# Modify the tokenizer

In [1]:
from pathlib import Path
basedir = Path("./")
data_path = basedir/"inkuba_instruct_sample.json"

In [27]:
import os
from pathlib import Path
from collections import Counter
import json

import pandas as pd
from transformers import LlamaTokenizer, LlamaTokenizerFast, PreTrainedTokenizerFast
from tokenizers import SentencePieceBPETokenizer
import sentencepiece as spm
from sentencepiece import sentencepiece_model_pb2 as sp_model

## A note on reproducibility

The tokenizer is modified by removing tokens that do not appear frequently in the languages that we are working with. The tokenizer was modified by removing tokens that appeared less than 100 times in a previous version of the training dataset. The same methodology applied to a different dataset will produce a different tokenizer. For one, the initial training dataset was smaller, mainly because fewer machine translation examples were included. Thus, a cut-off of 100 tokens on a bigger dataset will produce a bigger vocabulary.
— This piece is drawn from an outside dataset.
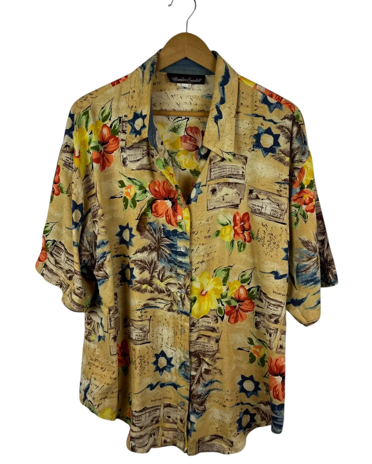 Good Pre-Owned Condition (see pics for details) Flaws: Has discoloration inside collar. Eye-catching vintage button-up shirt, boasting a vibrant floral and tropical-themed design. This short-sleeve top features a unique pattern with hibiscus flowers, palm trees, and architectural details reminiscent of a Hawaiian or island getaway. The soft, comfortable fabric drapes nicely, making it perfect for relaxed wear. This shirt is great for vacation getaways, casual outings, or adding a touch of tropical flair to your everyday wardrobe. Type: Button-Up Department: Women Style: Basic Material: Rayon Neckline: Collared Sleeve Length: Short Sleeve Sleeve Type: Classic/Fitted Sleeve Accents: Button Pattern: Floral Theme: Tropical, Hawaiian, Aloha, Beach, Vacation Features: Lightweight Fit: Regular Keywords: Alexander Campbell, vintage shirt, floral shirt, tropical shirt, aloha shirt, Hawaiian shirt, button up shirt, short sleeve shirt, womens shirt, rayon shirt, size 16, beach shirt, vacation shirt, palm tree shirt, Aloha Shirt, Vintage, Floral, Rayon, Button Up, Vacation, Resort Wear, Retro, Tropical, Island Style, Made in USA, Luau, Cruise, Summer, Travel, Tourist Shirt Measurements: included in photos. Please compare the measurements to something you already own for a great fit! Fast shipping: Shipped out next business day! Please let us know if you have any questions!

This notebook is setup to produce a tokenizer with the same vocabulary size as the one used in model training, although it will not be exactly the same. To produce the exact same tokenizer, set `reproducibility = True` to load the vocab derived from the initial dataset.

In [2]:
reproducibility = True

if reproducibility:
    with open(basedir/"keep_tokens.txt") as f:
        keep_tokens = set(f.read().splitlines())

## Load data

In [3]:
import json

with open(data_path, "r") as f:
    data = json.load(f)
print("Number of entries:", len(data))
data[0]

Number of entries: 350815


{'task': 'sentiment',
 'instruction_orig': 'Changanua mawazo ya matini yanayofuata na uainishe matini hayo katika mojawapo ya lebo zifuatazo. Chanya: iwapo matini yanadokeza mawazo, mtazamo na hali chanya ya kihisia. Hasi: iwapo matini yanadokeza mawazo au hisia hasi. Wastani: iwapo matini hayadokezi lugha chanya au hasi kwa njia ya moja kwa moja au isiyo ya moja kwa moja.',
 'input': 'habari tunaomba radhi kwa usumbufu unaojitokeza tafadhali tuandikie mita namba yako kwenye dm kwa msaada zaidi pj',
 'output': 'Wastani',
 'language': 'swahili',
 'instruction': 'Changanua mawazo ya matini yanayofuata na uainishe matini hayo katika mojawapo ya lebo zifuatazo. Chanya: iwapo matini yanadokeza mawazo, mtazamo na hali chanya ya kihisia. Hasi: iwapo matini yanadokeza mawazo au hisia hasi. Wastani: iwapo matini hayadokezi lugha chanya au hasi kwa njia ya moja kwa moja au isiyo ya moja kwa moja.'}

In [4]:
import os
import pandas as pd

comp_data_dir = basedir/"zindi-inkuba-notebook/Notebooks/data"
comp_data_fns = [f for f in os.listdir(comp_data_dir) if f.endswith(".csv")]
for fn in comp_data_fns:
    df = pd.read_csv(comp_data_dir/fn)[["instruction", "inputs", "targets"]]
    for _, row in df.iterrows():
        data.append({
            "task": "", "instruction": row["instruction"], "input": row["inputs"],
            "output": row["targets"] if fn[:7] == "MTTrain" else ""
            })

In [5]:
BASE_PROMPT = (
    "Below is an instruction that describes a task. "
    "Write a response that appropriately completes the request."
    "\n\n### Instruction:\n{}"
    "\n\n### Input:\n{}"
    "\n\n### Response:\n{}"
)
# BASE_PROMPT = "Instruction: {} Input: {}, Response: {}"

In [6]:
data = [BASE_PROMPT.format(d["instruction"], d["input"], d["output"]) for d in data]
print(data[0])

Below is an instruction that describes a task. Write a response that appropriately completes the request.

### Instruction:
Changanua mawazo ya matini yanayofuata na uainishe matini hayo katika mojawapo ya lebo zifuatazo. Chanya: iwapo matini yanadokeza mawazo, mtazamo na hali chanya ya kihisia. Hasi: iwapo matini yanadokeza mawazo au hisia hasi. Wastani: iwapo matini hayadokezi lugha chanya au hasi kwa njia ya moja kwa moja au isiyo ya moja kwa moja.

### Input:
habari tunaomba radhi kwa usumbufu unaojitokeza tafadhali tuandikie mita namba yako kwenye dm kwa msaada zaidi pj

### Response:
Wastani


## Explore token frequency

In [7]:
from transformers import AutoTokenizer

model_name = "lelapa/InkubaLM-0.4B"
tokenizer = AutoTokenizer.from_pretrained(model_name)
print(tokenizer.special_tokens_map)
print(tokenizer.convert_tokens_to_ids("</s>"))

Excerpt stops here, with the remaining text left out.